It's most likely that a trademark under the name "Open Source Media" wouldn't hold water in the first place, considering that it's descriptive, and you can't trademark descriptive terminology such as "Olive Oil" or "Hot Pizza" because that would cause chaos in a free marketplace ("I own the trademark on Olive Oil, so you must cease using the words 'Olive Oil' on your product's label" -- "But I sell Olive Oil" -- "I'll see you in court!"). Nevertheless, "Open Source" has been trademarked by an existing media company, so for OSM to mutter that "Well, we added a word to our trademark, so there's no conflict" is nonsense. They're both media companies, and the new Open Source Media (er, sorry -- OSMtm) creates confusion in the media marketplace, thereby completely and utterly diluting the value of the real Open Source Media's trademark.

And I find it extremely disingenuous for the new Open Sou . . . agh! I find it extremely disingenuous for OSMtm to claim that their trademark is on OSM, and so has nothing to do with Open Source, media or otherwise, even though "Open Source Media" is printed directly beneath their title as an apparent explanation for what OSMtm stands for.

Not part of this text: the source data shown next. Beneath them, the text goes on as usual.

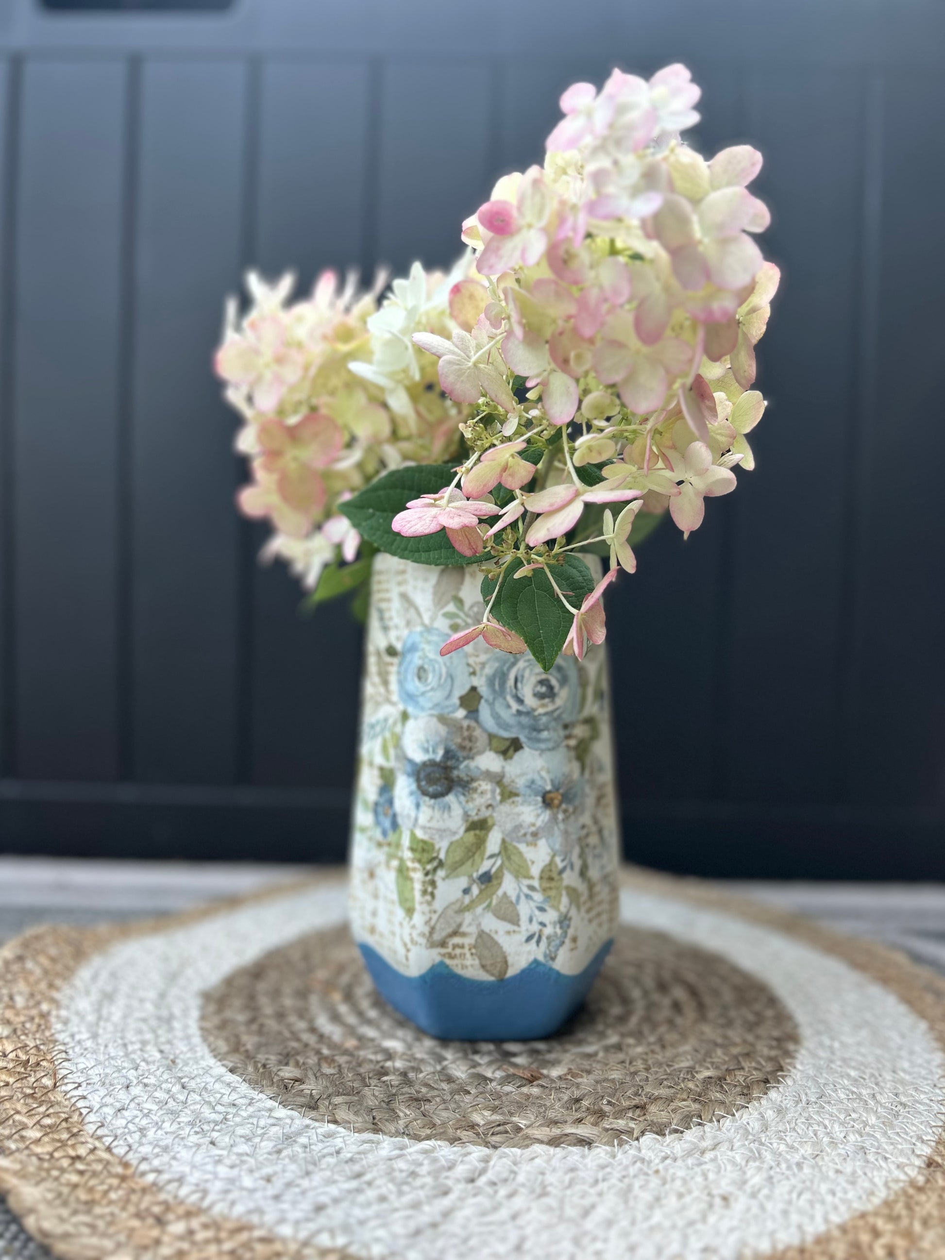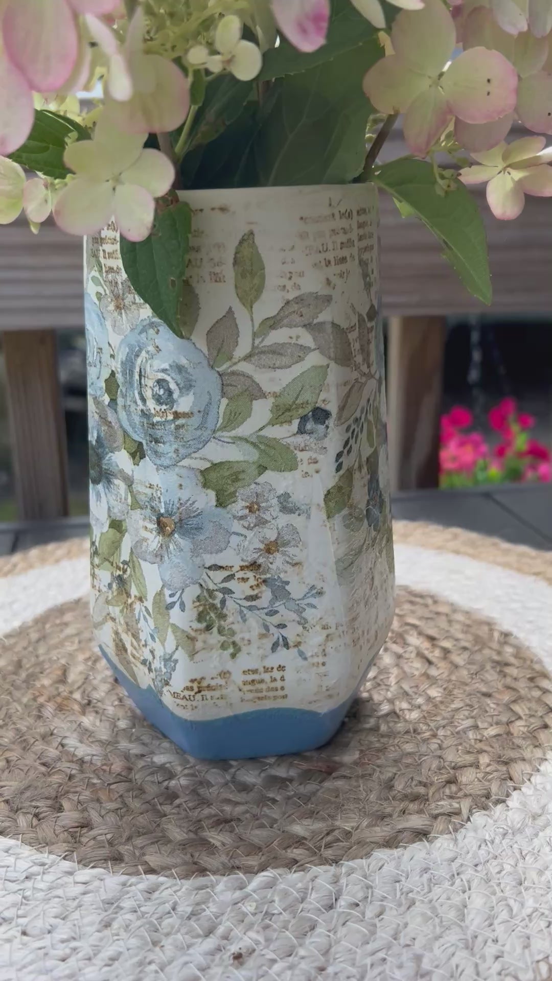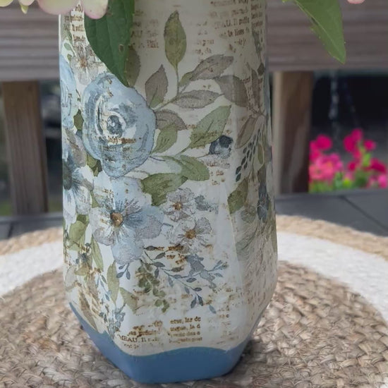 Add a splash of charm to any room with this one-of-a-kind vase featuring a delightful blue floral decoupage design. Perfect for showcasing your favorite blooms or standing solo as a statement piece. Handle with care—spot clean only to keep its vintagey beauty shining bright!
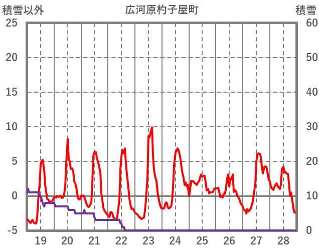 | 日 | 時 | 気温 | 降水 | 風向/風速 | 日照 | 積雪 | 降雪 |
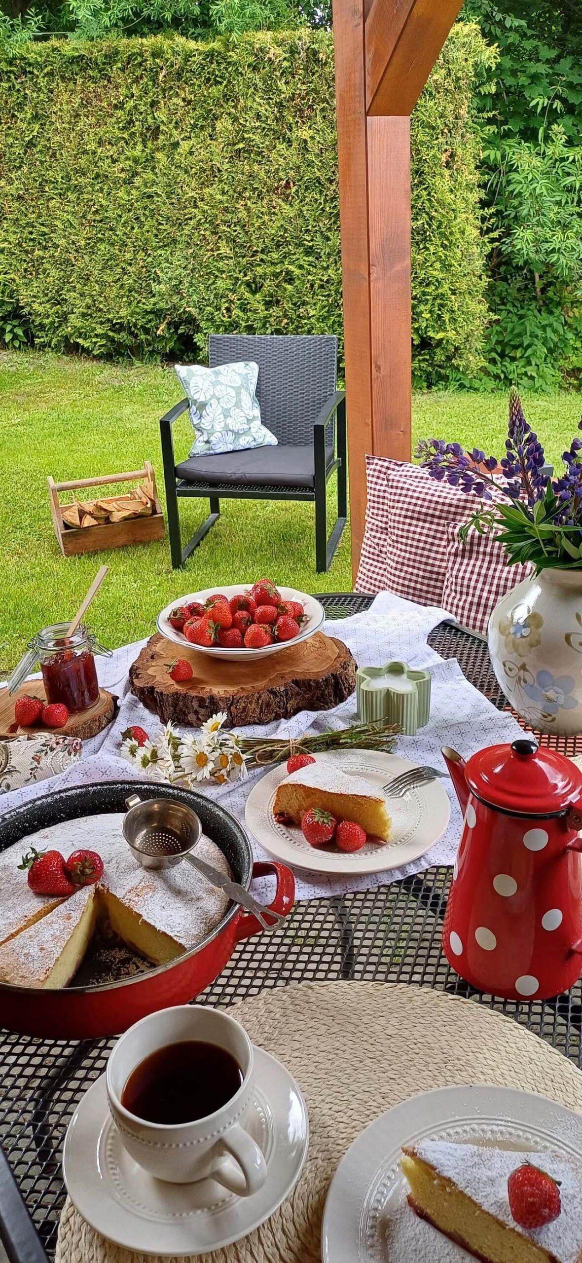 V létě si můžete užít grilování či opékání buřtů pod zastřešenou pergolou s posezením, obklopené zelení.
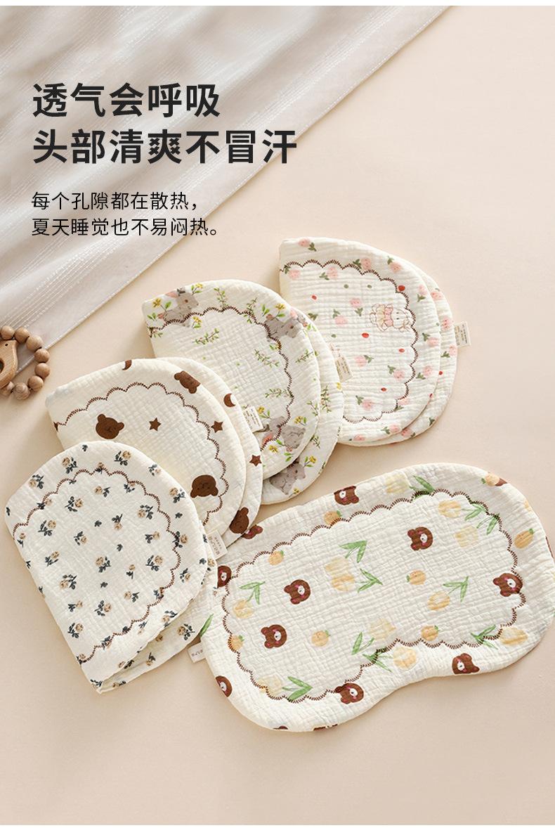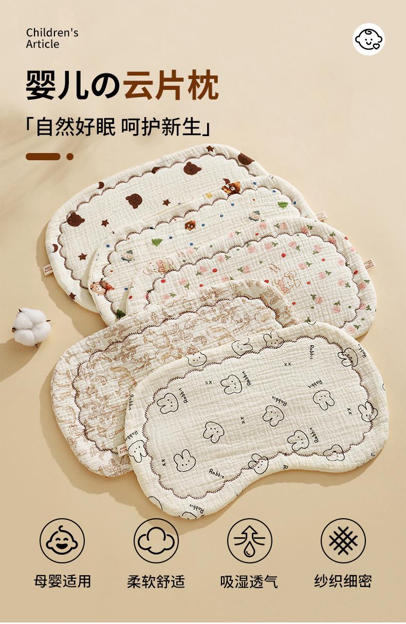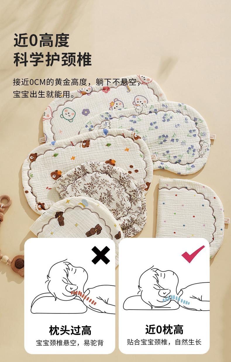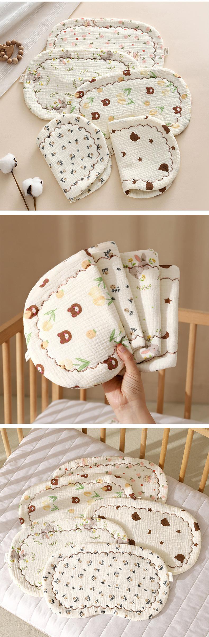 Almohada para Bebé Almohada de Nube para Bebé de Dibujos Animados 0-6 Meses Recién Nacido Antivómito Gasa de Algodón Puro Absorbente de Sudor Funda de Almohada Plana
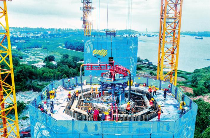 5月7日傍晚,燕矶长江大桥建设现场如火如荼,建设者们正在进行主塔施工。截至目前,主塔累计完成塔柱施工20节,双层引桥累计完成540根桩基混凝土灌注、119个承台浇筑。燕矶长江大桥是连接鄂州与黄冈的第二条过江通道,上层为高速公路,下层为城市快速路,对推动武鄂黄黄一体化高质量发展具有重要意义。

Now, it may come to pass that the trademark office declares that trademarks under the "Open Source" banner may be invalid, as the term "Open Source" is, to my mind (and possibly to theirs if the case is argued correctly), completely descriptive, which is what OSMtm is saying, and this would make any trademark infringement argument obsolete -- but only after a lot of expensive legal wrangling. But my question regarding that point is, can you trademark the initials for a descriptive term? Especially when you're printing the descriptive term beneath the initials as an explanation for what your trademark stands for? Because this is what OSMtm's argument essentially boils down to, and I have a feeling they might be full of crap (sorry, Laurence -- didn't mean to dilute your mark).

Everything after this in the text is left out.